Statistical Distributions - Introduction
Introduction
In this section, you'll learn about different probability distributions!
It's all Stats!
You've already seen the value of descriptive statistics when doing exploratory data analysis. In this section, we're going to dive deeper into a range of statistical concepts. We're going to start by looking at discrete and continuous distributions and how you can use stem and leaf plots for visualizing distributions.
We're then going to look at a range of techniques for representing distributions - the Probability Mass Function, the Cumulative Distribution Function, and the Probability Density Function.

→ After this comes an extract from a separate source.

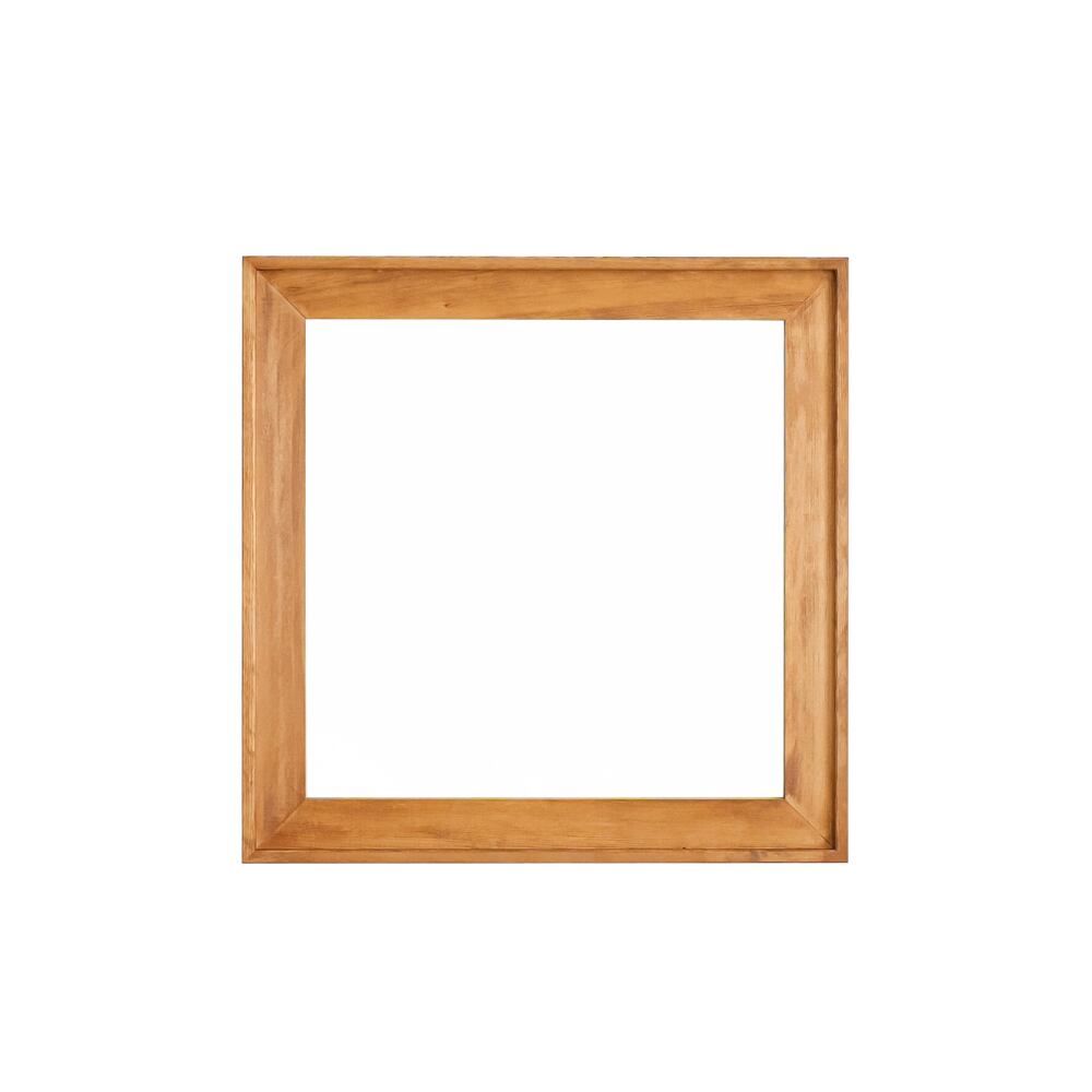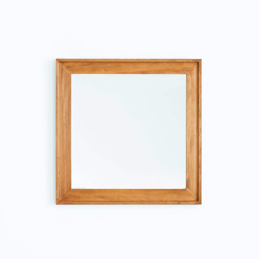 重厚感のあるL型の木枠が印象的なウォールミラー

We're then going to dig a little deeper into the Normal/Gaussian distribution and the Standard Normal Distribution, before introducing the ideas of skewness and kurtosis that can be used to quantify how "un-normal" a given distribution is.

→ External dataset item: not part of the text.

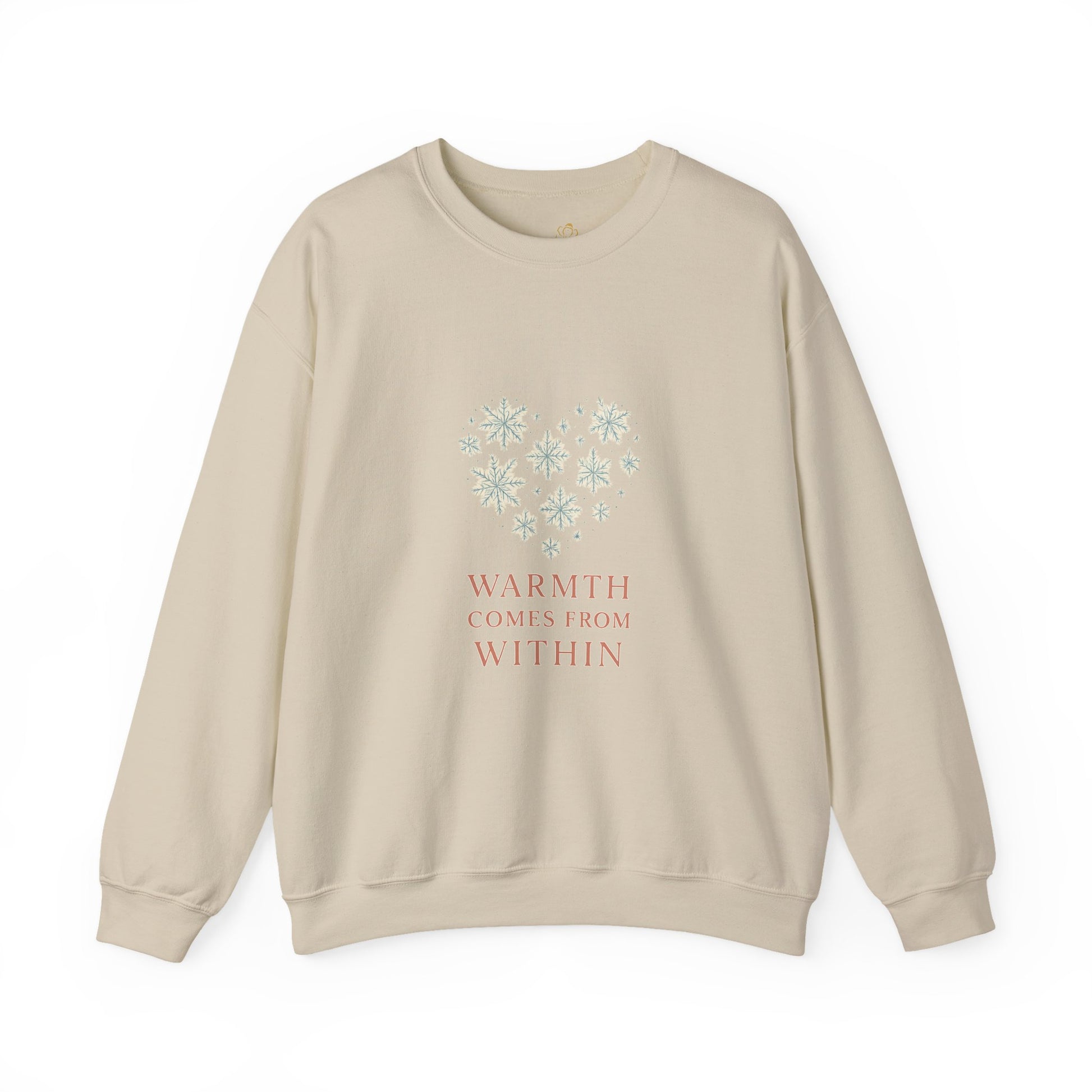 Warmth Comes From Within – Winter Affirmation Sweatshirt | Heart Snowflake Cozy Edition

We'll then introduce the use cases for z-tables and p-values for describing statistical significance, and we'll finish off the section by looking at the "one-sample z test" - the most basic type of hypothesis test.
We'll finish up the distributions section by introducing the Exponential distribution. In some ways it can be thought of as the inverse of a Poisson distribution, allowing us to answer questions about the amount of time it might take before a given event occurs.
Summary
In this section, we're going to take a deeper dive into a range of foundational statistical concepts that we'll need as we start to dig into machine learning later in the course.